What you should do: Look below for the line that contains "Далее добавляем волнистые" and the line that contains "CHANEL 2004 Cassette", then restate both of them and every line in between, exactly. No picture goes in the copy.

Data for the task:
++++++

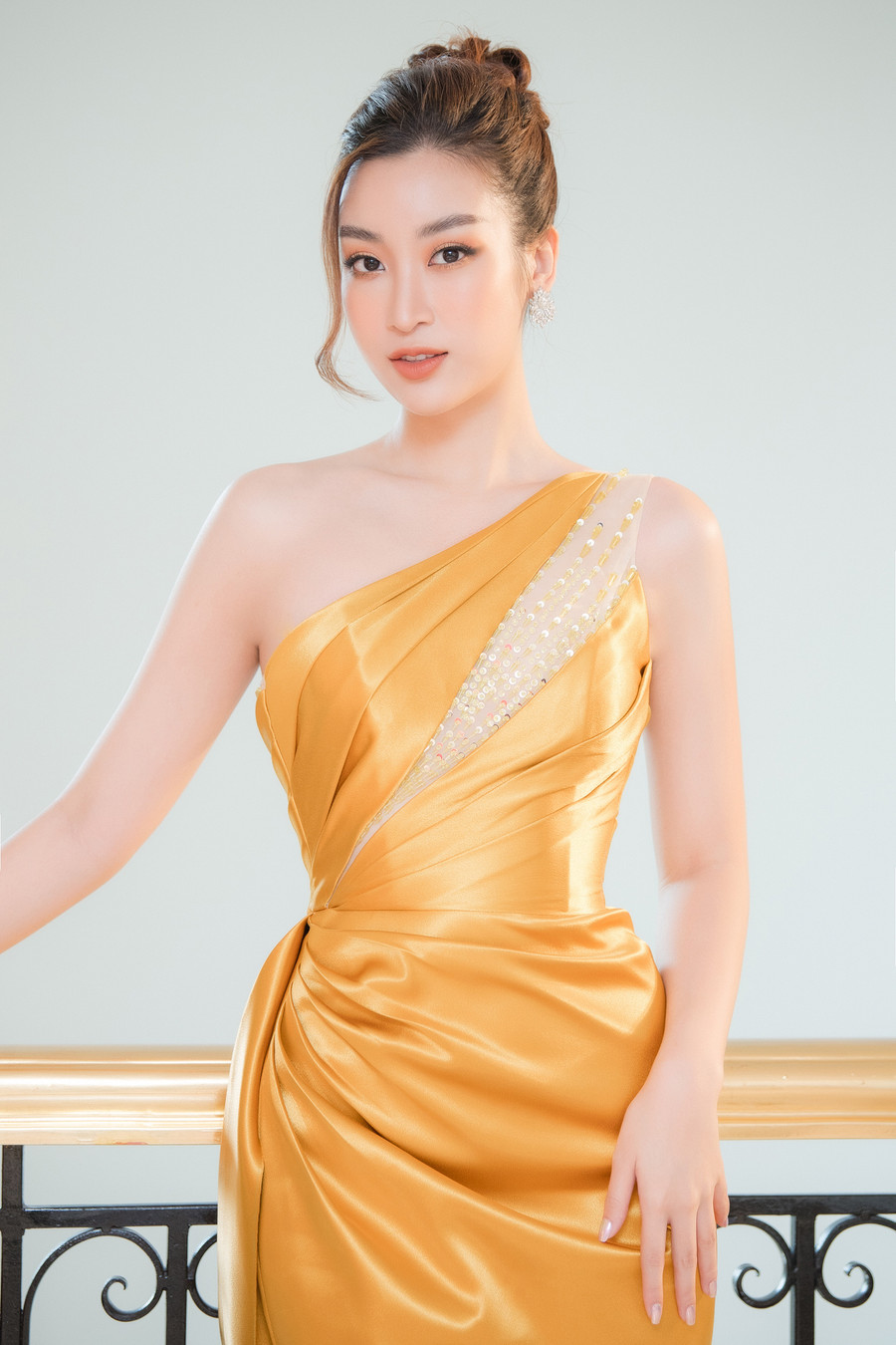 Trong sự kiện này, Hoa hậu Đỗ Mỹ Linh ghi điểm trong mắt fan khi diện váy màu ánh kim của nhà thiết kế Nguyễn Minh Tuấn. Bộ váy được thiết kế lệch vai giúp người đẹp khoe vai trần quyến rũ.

++++++

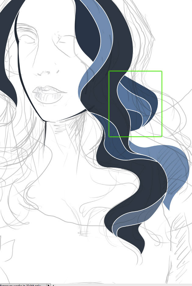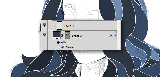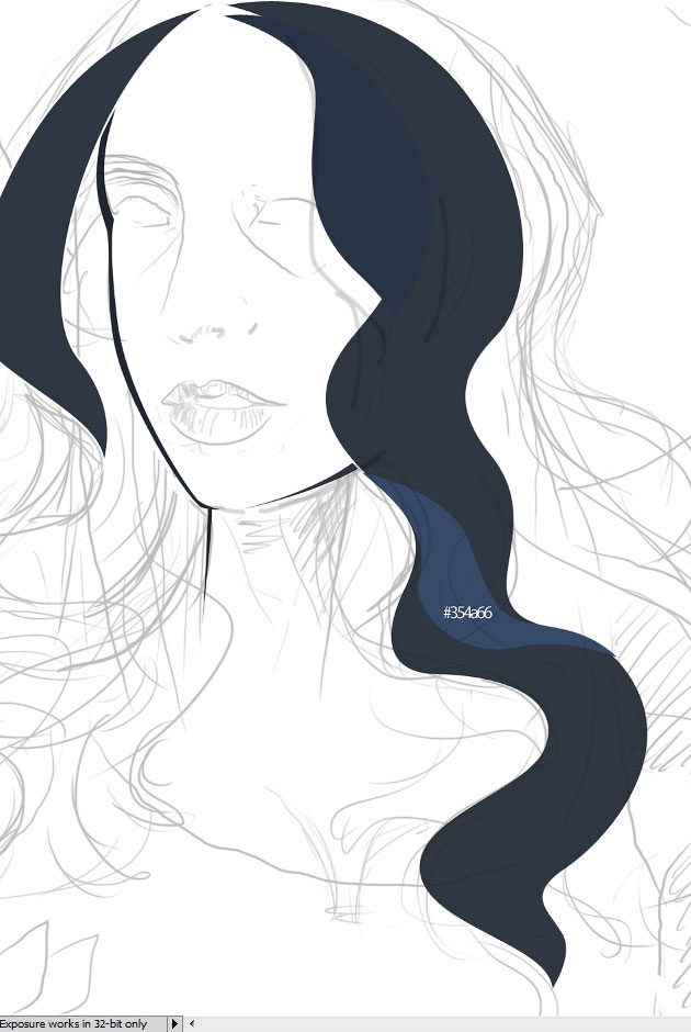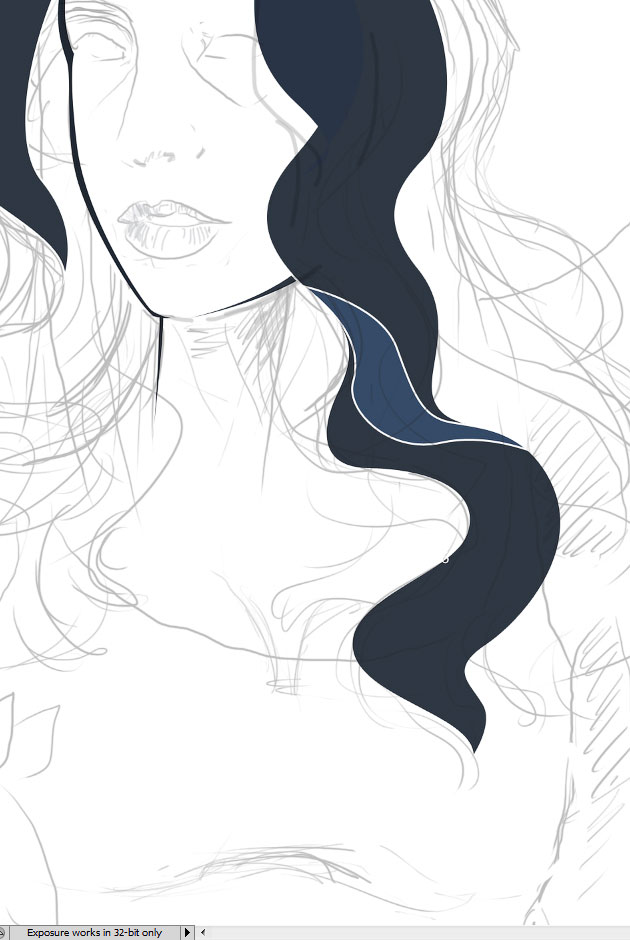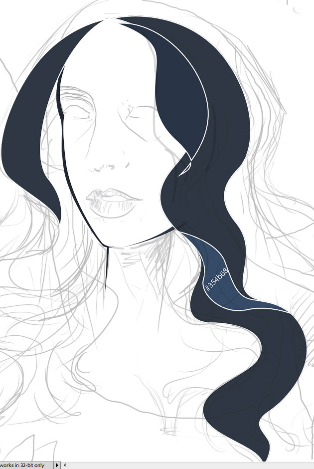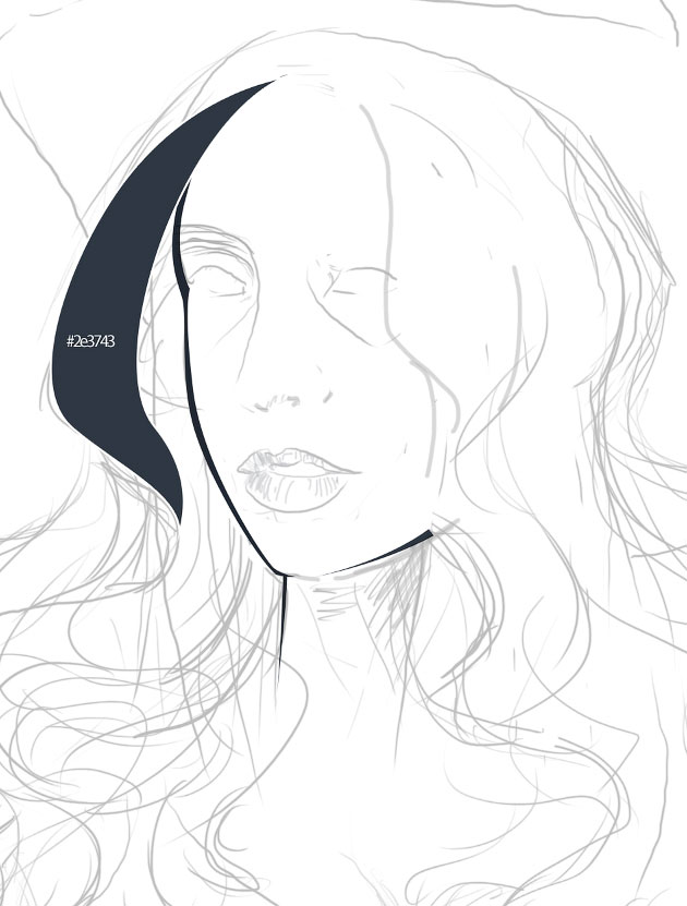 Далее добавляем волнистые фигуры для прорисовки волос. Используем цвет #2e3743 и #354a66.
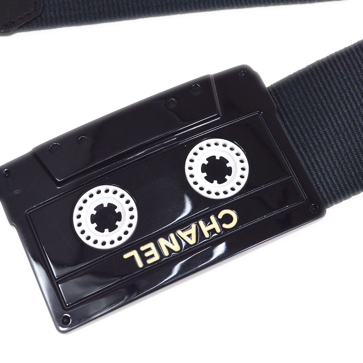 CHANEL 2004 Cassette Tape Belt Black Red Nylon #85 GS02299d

++++++

Output:
 Далее добавляем волнистые фигуры для прорисовки волос. Используем цвет #2e3743 и #354a66.
 CHANEL 2004 Cassette Tape Belt Black Red Nylon #85 GS02299d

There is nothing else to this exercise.